Solar technologies are broadly characterized as either passive solar or active solar depending on the way they capture, convert and distribute solar energy. Active solar techniques include the use of photovoltaic panels and solar thermal collectors to harness the energy. Passive solar techniques include orienting a building to the Sun, selecting materials with favorable thermal mass or light dispersing properties, and designing spaces that naturally circulate air.
The core idea is to use the solar energy directly to produce chilled water. The high temperature required by absorption chillers is provided by solar troughs. The system doesn’t require “strategic” materials (like in PV systems) and has peak production in the moment of peak demand.
Why Solar Cooling?
Dramatic increase of air conditioning since the early 80ies
• Cost of energy.
• Issues related to environmental pollution.
-Due to energy production.
-Due to the use of CFC’s and HCFC’s.
• Matches demand with source availability.
• Crucial for improving life standards in developing countries.
Thermal Solar Cooling Techniques
Absorption cooling techniques:
Energy is transferred through phase-change processes.
Adsorption cooling techniques
Energy is transferred through phase-change processes.

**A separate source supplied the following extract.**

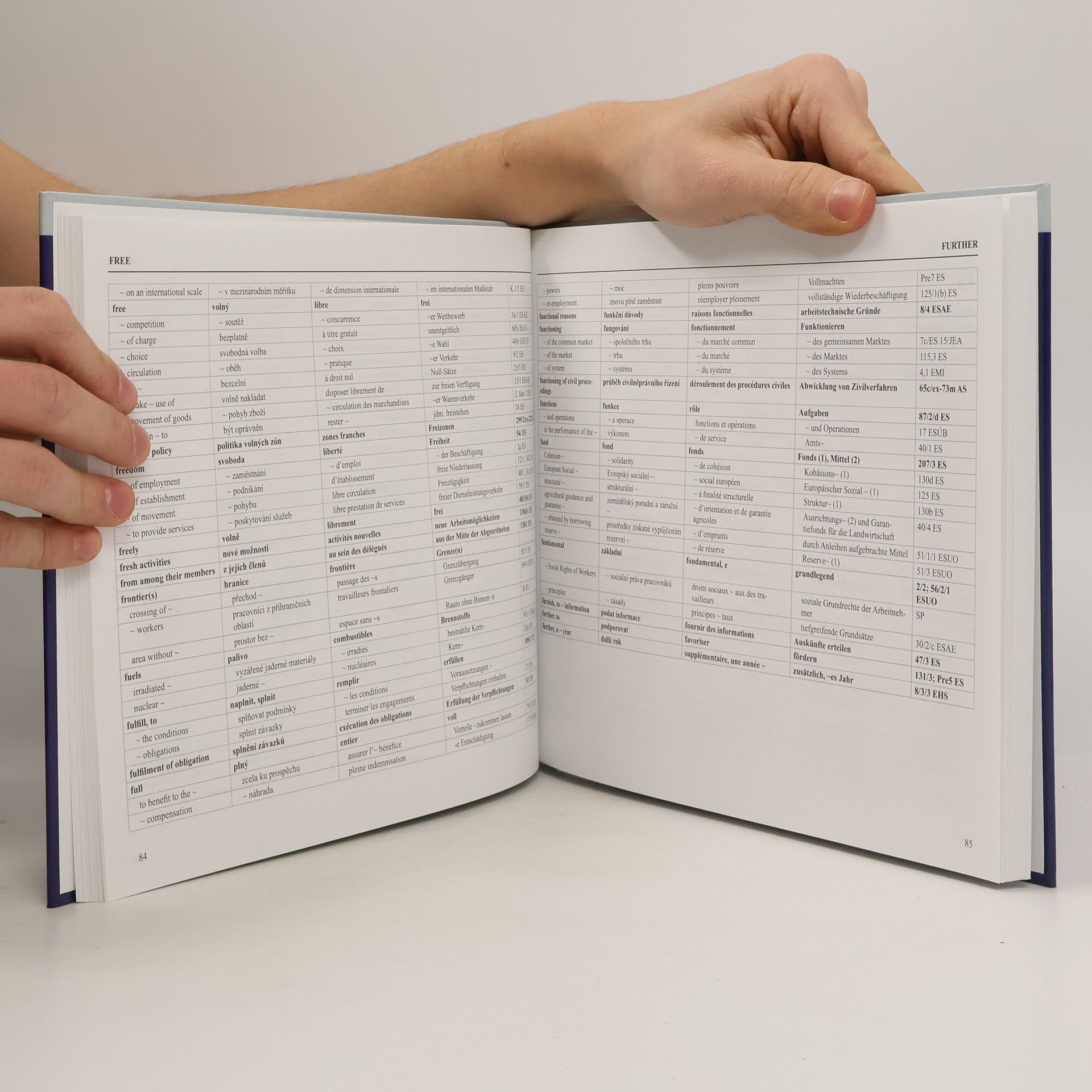 Anglicko-česko-francouzsko-německý slovník právní terminologie Evropských společenství má sloužit jako praktická pomůcka pro právníky a další odborníky, kteří se zabývají legislativou ES v hlavních pracovních jazycích Evropského společenství i v češtině. Slovník zahrnuje širokou škálu obecných i specifických právních termínů používaných v primárním právu ES. Výrazy v angličtině, francouzštině, němčině a češtině jsou přiřazeny podle svého významu a umístění v originálních textech bez ohledu na to, že z hlediska obecně etymologické¬ho by odpovídaly někdy výrazy adekvátnější. Překlad pomůže nejen pochopit význam výrazu, ale i vnitrostátní kontext, ve kterém lze daný výraz použít. V mnoha ohledech je struktura slovníku odrazem pracovního prostředí v EU. Přesné odkazy na články smluv rovněž zpřesňují a ilustrují přeložené termíny. Publikaci doplňuje věcný rejstřík českých, německých a francouzských hesel. --------------------------------------------------------------------------------

Energy is transferred through latent heat processes.
“The cooling capacity is based on the physical properties of the cooling fluid that will change phases. At different temperatures, depending on its pressure.”
Heat Driven Systems
The absorption refrigerator is a refrigerator that uses a heat source (e.g., solar, kerosene-fueled flame) to provide the energy needed to drive the cooling system. Absorption refrigerators are a popular alternative to regular compressor refrigerators where electricity is unreliable, costly, or unavailable, where noise from the compressor is problematic, or where surplus heat is available (e.g., from turbine exhausts or industrial processes). Absorption refrigerators powered by heat from the combustion of liquefied petroleum gas are often used for food storage in recreational vehicles.
Both absorption and compressor refrigerators use a refrigerant with a very low (less than 0 °F/−18 °C) boiling point. In both types, when this refrigerant evaporates or boils, it takes some heat away with it, providing the cooling effect. The main difference between the two types is the way the refrigerant is changed from a gas back into a liquid so that the cycle can repeat. A compressor refrigerator uses an electrically-powered compressor to increase the pressure on the gas, and then condenses the hot high pressure gas back to a liquid by heat exchange with a coolant (usually air). Once the high pressure gas has cooled, it passes through a pressure release valve which drops the refrigerant temperature to below freezing. An absorption refrigerator changes the gas back into a liquid using a different method that needs only heat, and has no moving parts. The other difference between the two types is the refrigerant used. Compressor refrigerators typically use an HCFC, while absorption refrigerators typically use ammonia
Adsorption refrigeration and heat pump cycles rely on the adsorption of a refrigerant gas into an adsorbent at low pressure and subsequent desorption by heating. The adsorbent acts as a “chemical compressor” driven by heat and is, from this point of view, the “pump” of the system. It consists of a solar collector, a condenser or heat-exchanger and an evaporator that is placed in a refrigerator box. The inside of the collector is lined with an adsorption bed packed with activated carbon adsorbed with methanol. The refrigerator box is insulated filled with water. The activated carbon can adsorb a large amount of methanol vapours in ambient temperature and desorb it at a higher temperature (around 100 degrees Celsius). During the daytime, the sunshine irradiates the collector, so the collector is heated up and the methanol is desorbed from the activated carbon. In desorption, the liquid methanol adsorbed in the charcoal heats up and vaporizes. The methanol vapour condenses and is stored in the evaporator.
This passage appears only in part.